Date: January 2026 (v1.0), Updated February 2026 (v3.0) Status: Updated Decision: v1.0-v2.3.0: ONE multilingual agent per clinic with auto-detection. v3.0: Dual-track with explicit language gate.
Context¶
VitaraVox v1.0 supports English and Mandarin for BC healthcare clinics. The question: should we use separate agents per language or a single multilingual agent?
Decision¶
Use ONE multilingual Vapi.ai assistant per clinic with Deepgram Nova-2 "multi" mode for automatic language detection.
Architecture¶
+------------------------------------------------------------------+
| |
| Patient Call Flow |
| ================ |
| |
| Patient dials clinic number |
| | |
| v |
| +---------------+ |
| | Telnyx | <-- Receives call, routes to Vapi.ai |
| +-------+-------+ |
| | |
| v |
| +------------------------------------------------------------------+
| | |
| | SINGLE MULTILINGUAL VAPI.AI ASSISTANT |
| | |
| | +----------------------------------------------------------+ |
| | | Transcriber: Deepgram Nova-2 (language: "multi") | |
| | | --> Auto-detects: English, Mandarin (v1.0) | |
| | | --> Seamless mid-conversation switching | |
| | +----------------------------------------------------------+ |
| | |
| | +----------------------------------------------------------+ |
| | | LLM: GPT-4o (streaming enabled) | |
| | | --> Multilingual system prompt | |
| | | --> Tool calls to OSCAR EMR | |
| | +----------------------------------------------------------+ |
| | |
| | +----------------------------------------------------------+ |
| | | Voice: Azure TTS (multilingual-auto) | |
| | | --> en-US-AriaNeural (English) | |
| | | --> zh-CN-XiaoxiaoNeural (Mandarin) | |
| | +----------------------------------------------------------+ |
| | |
| +------------------------------------------------------------------+
| | |
| v Tool Calls (real-time during conversation) |
| +---------------+ |
| | OSCAR | <-- check_availability, book_appointment |
| | EMR | |
| +---------------+ |
| |
+------------------------------------------------------------------+
Comparison¶
| Factor | Single Multilingual | Multiple Language Agents |
|---|---|---|
| Agents per clinic | 1 | 5 (one per language) |
| Total for 5 clinics | 5 | 25 |
| Configuration burden | Low | 5x higher |
| Language switching | Seamless | Requires transfer (200-500ms) |
| Mid-conversation mix | Supported | Complex routing needed |
| IVR complexity | None (auto-detect) | "Press 1 for English..." |
| Maintenance | Single prompt | 5 prompts to sync |
Rationale¶
1. Patient Demographics in BC¶
Many BC healthcare patients are bilingual (English/Mandarin). They may:
- Start in one language, switch mid-sentence
- Use English for medical terms, Mandarin for personal details
- Have family members on the call speaking different languages
Single multilingual agent handles this naturally.
2. Latency¶
Target: <800ms end-to-end voice response
| Approach | Latency Impact |
|---|---|
| Single agent | Optimal streaming, no transfers |
| Multiple agents | +200-500ms per transfer/handoff |
3. Configuration¶
v1.0 uses manual Vapi.ai setup:
| Approach | Setup Time (5 clinics) |
|---|---|
| Single multilingual | 5 assistants = ~2 hours |
| Per-language agents | 25 assistants = ~10 hours |
4. User Experience¶
Single Multilingual Agent:
Patient: "Hello, I'd like to book an appointment"

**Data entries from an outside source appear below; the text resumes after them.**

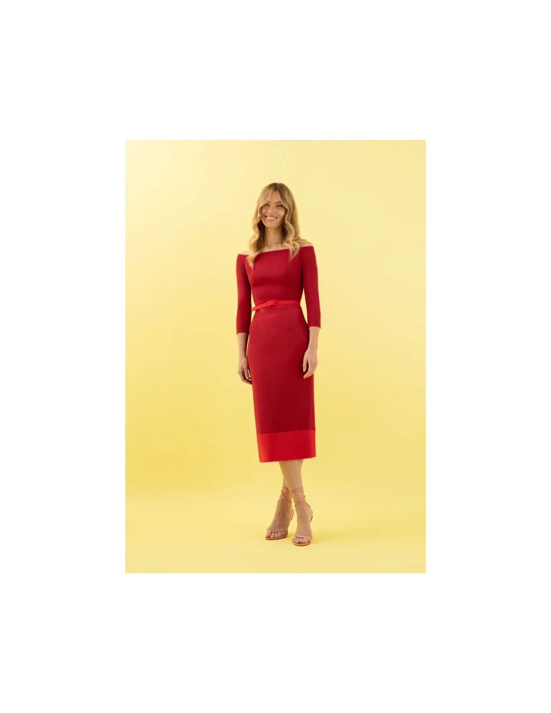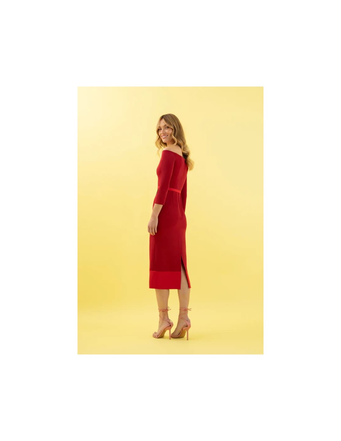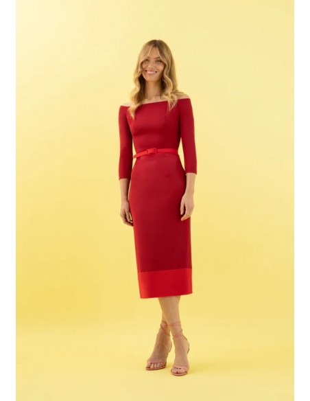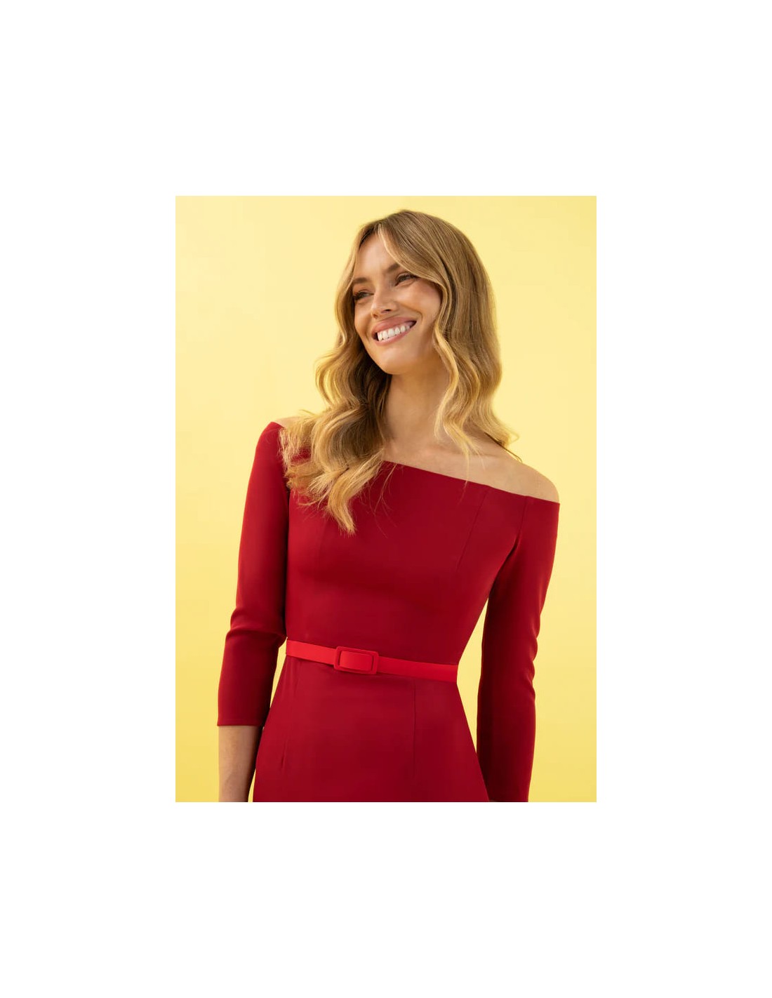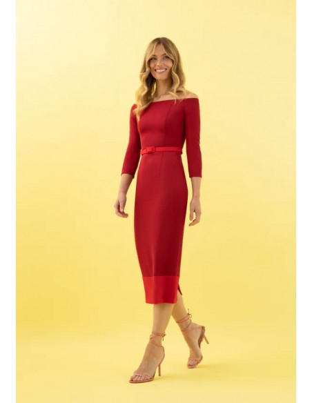 Descubre este vestido de crepé con escote bardot, una prenda elegante y femenina que destaca por su diseño atemporal y sofisticado. El escote con hombros descubiertos aporta un toque romántico, mientras que la manga francesa equilibra el look con un aire refinado.
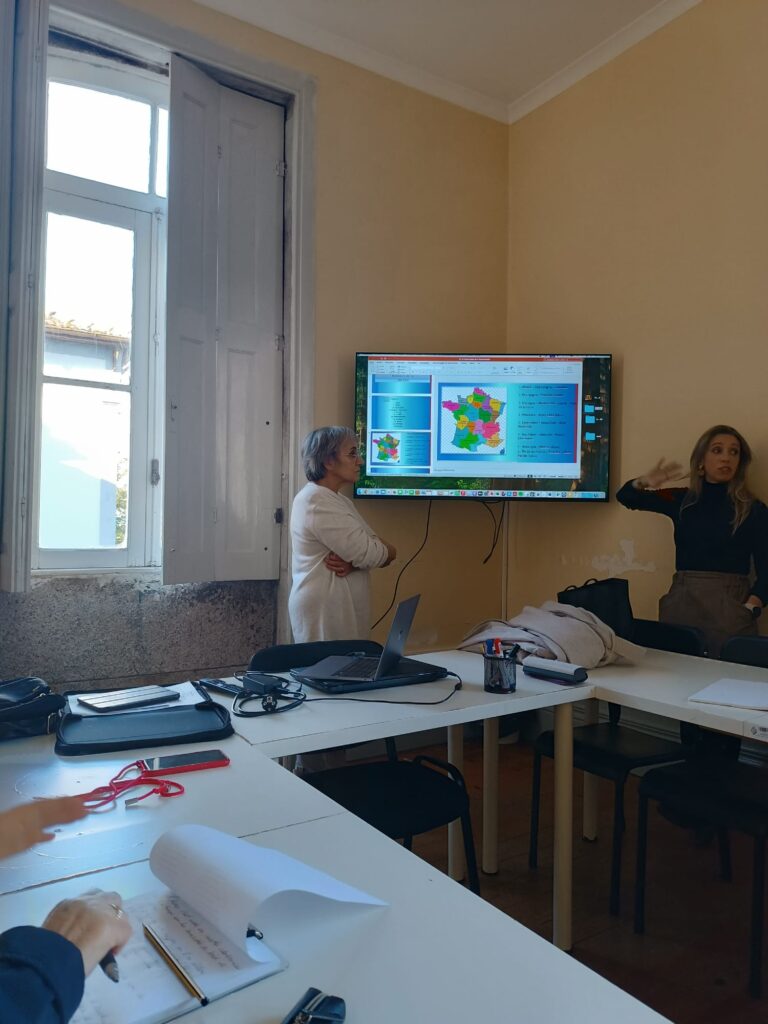 As alunas apresentaram os resultados das suas pesquisas, partilhando pratos típicos, curiosidades culinárias e tradições locais, numa verdadeira viagem pelos sabores de França. Esta viagem gastronómica foi escolhida pelas alunas para futura partilha com os participantes estrangeiros na próxima workshop internacional, dando assim o seu contributo para a partilha cultural.
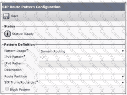 In Cisco UCM, an engineer must create a new SIP route pattern that must be reachable by all internal callers. The internal callers have a calling search space named CSSJNTERNAL that includes a partition named PTJNTERNAL. The SIP trunk has a calling search space named CSS_SIP_RP that includes the two partitions named PT_SIP_INTERNAL and PT_SIP_LOCAL What must be used as the route partition for the SIP route pattern?
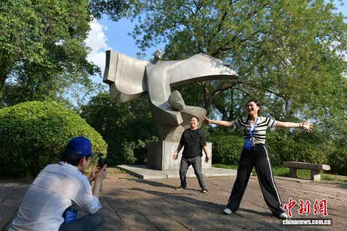 8月18日,2025“青春同行”两岸新媒体创享季安徽交流营活动在马鞍山启幕。近二十位两岸自媒体人走进马鞍山、宣城,开启为期五天的寻迹诗仙李白之旅。图为自媒体人在马鞍山市长江采石矶文化生态旅游区打卡李白雕像。中新社记者 储玮玮 摄
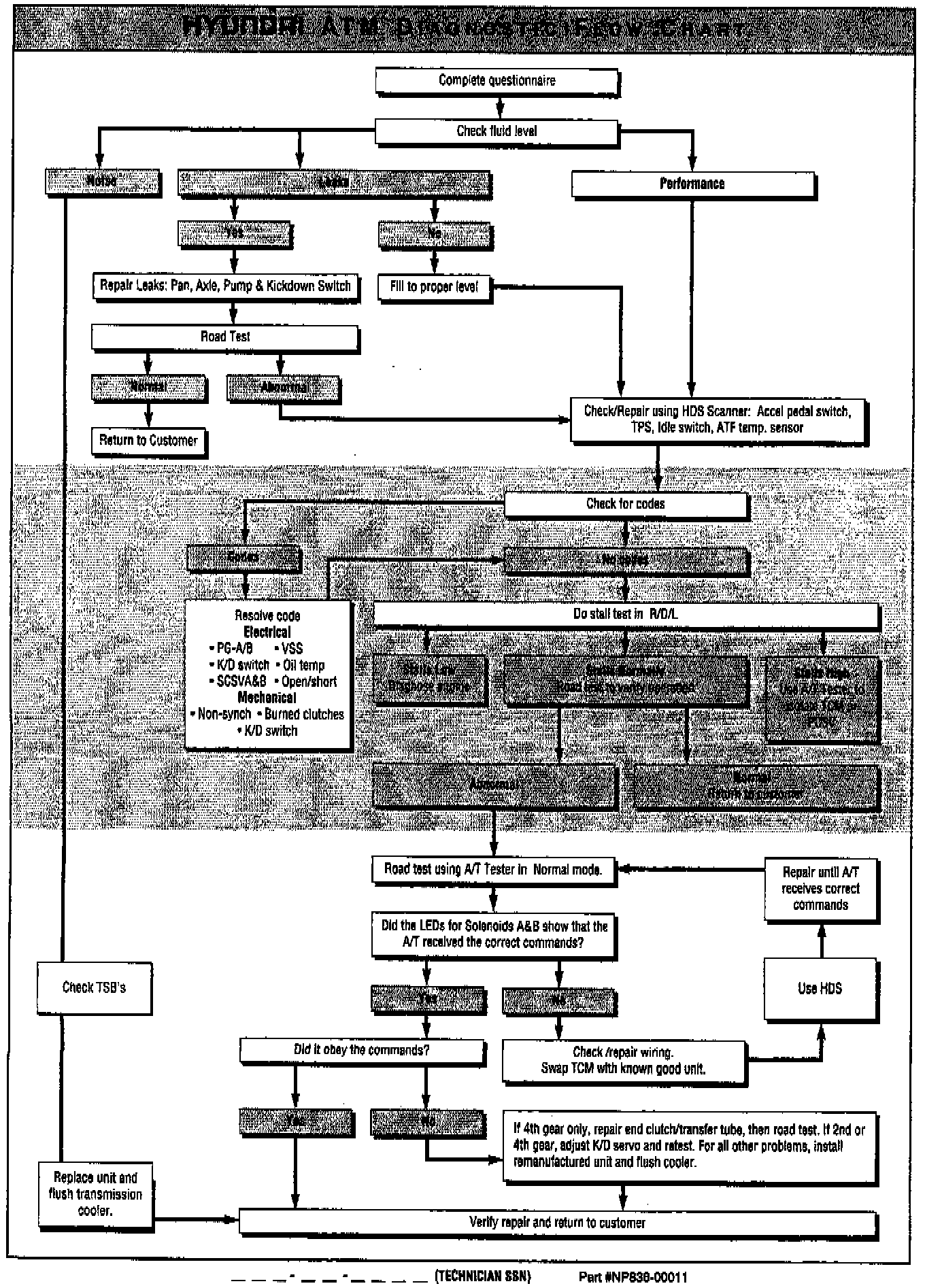 4. Technician follows Diagnostic Flow Chart on the back of the Questionnaire to help complete the diagnosis of the ATM and to make a repair/replace decision.
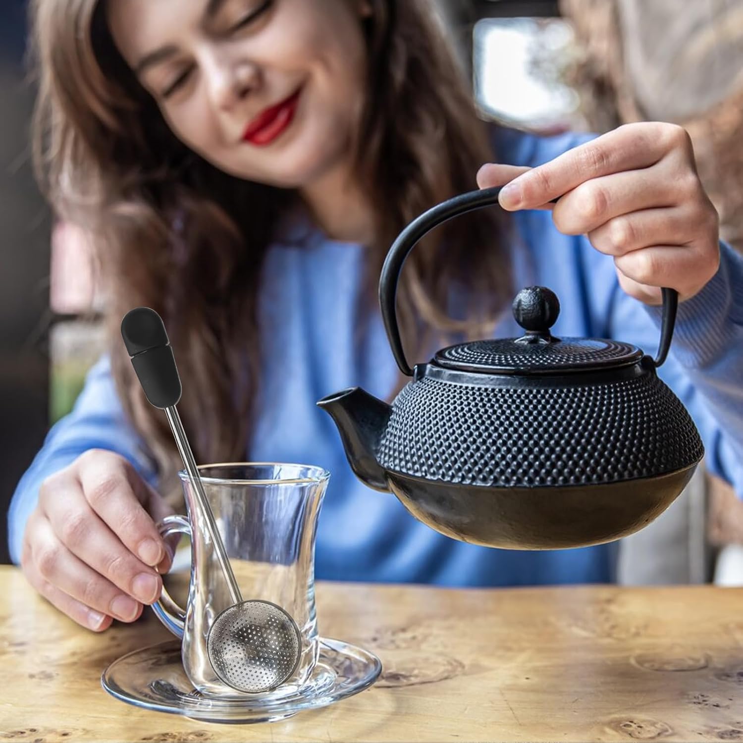 - Easy to Use: The tea infuser adopts a large capacity tea ball, which can accommodate filtering 3 teaspoons of tea. The tea filter has a 5.5 inch extended handle, suitable for tea cups and teapots. The tail end is equipped with a rotatable and sturdy knob, which can be easily twisted to place tea leaves.
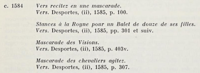 Ballets with Verses written by Philippe Desportes ca. 1584
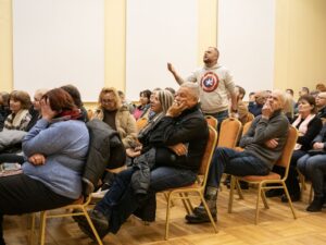 Gaisotne šķita saspringta, un iedzīvotāji ik pa laikam skaļi iesaucās: «Tukša runāšana!», kam sekoja jautājumu virkne. /Terēzes Matisones foto/
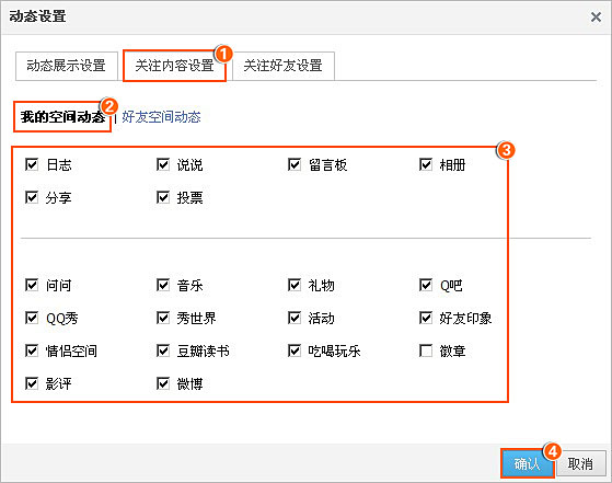 选择‘关注内容设置’,可以自定义选择您想关注好友空间的类别前打上勾,最后“确定”即可。
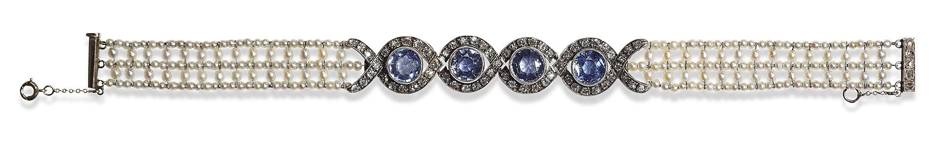 millegrain collet set to the centre front with four circular cut sapphires within scrolling border of old European cut diamonds, flanked to either side by rows of seed pearls with rose cut diamond set clasp and safety chain
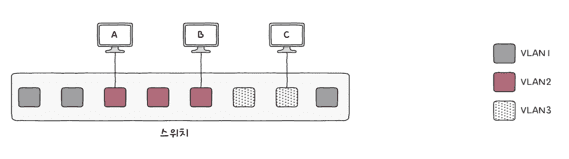 이때 한 대의 스위치로 VLAN을 구성하여, 여러 개의 논리적인 LAN을 나눌 수 있습니다.
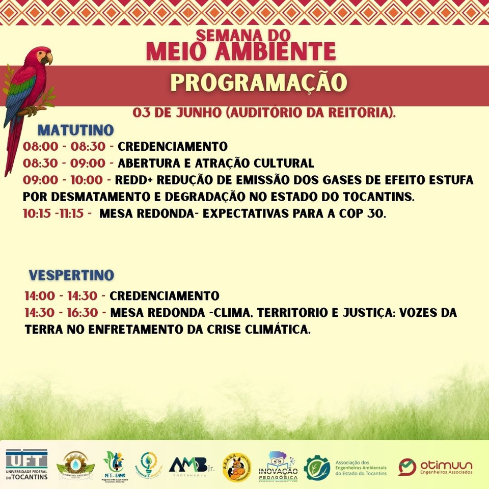 Para o professor Thiago Bandeira, do curso de Engenharia Ambiental, o evento é uma demonstração importante de liderança estudantil. “A iniciativa é ótima. A liderança por parte das entidades e, acima de tudo, a organização de um evento na Semana Nacional do Meio Ambiente é super válida. Foi proposta toda uma programação com palestras e rodas de conversa sobre a temática escolhida por eles — a mudança climática e os rumos do Tocantins na COP30. Eles estão de parabéns”, destacou.

Agent: "Hello! I'd be happy to help you book an appointment..."
Patient: "其实我想用中文" (Actually I want to use Chinese)
Agent: "没问题!请问您想预约什么时间?" (No problem! When would you like to book?)
Multiple Language Agents:
IVR: "Press 1 for English, 2 for 中文..."
Patient presses 1
English Agent: "Hello! How can I help?"
Patient: "Actually, can I switch to Chinese?"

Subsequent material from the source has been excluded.